The nanoparticles were produced using the chemical precipitation process. A 100-milliliter flask of dehydrated water with nitrogen gas, 4.5 g of FeCl₃.6H₂O and 2.78 g of FeCl₂.4H₂O is stirred constantly. This was achieved by adding ammonia solution (25 percent) and letting it sit until the solution became black. 30 minutes of stirring and heating to 80°C resulted in a precipitate that had developed. It was rinsed three times with ionized water, then twice with ethanol, after the precipitate produced during the heating process. The magnetic nanoparticles (Fe₃O₄) were finally isolated from the magnetic solution by using a magnet.

2.3. Coated Iron Nanoparticles with Silica (Fe₃O₄@SIO₂)

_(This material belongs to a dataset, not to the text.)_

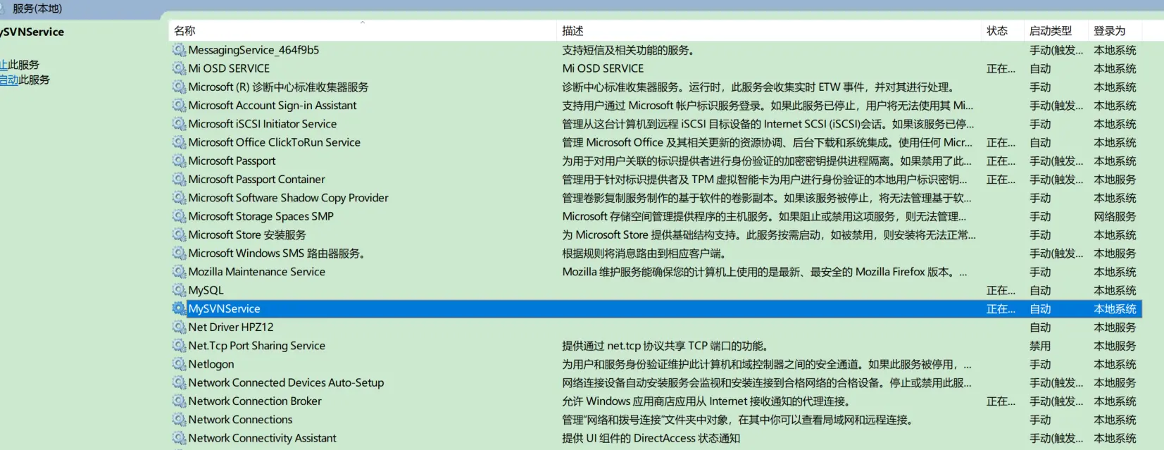 设置svn服务开机自启

Using the sol-gel process, silica was used to coat the nanoparticles. A solution comprising 150 mL ethanol, 2 mL water and 4 mM tetraethyl orthosilicate (TEOS) was added to the previous step’s nanoparticles after they had been washed and dried. After 30 minutes of stirring, it was cleaned five times with ethanol before being dried. Drying and powder production of coated nanoparticles were carried out in a laboratory setting at room temperature.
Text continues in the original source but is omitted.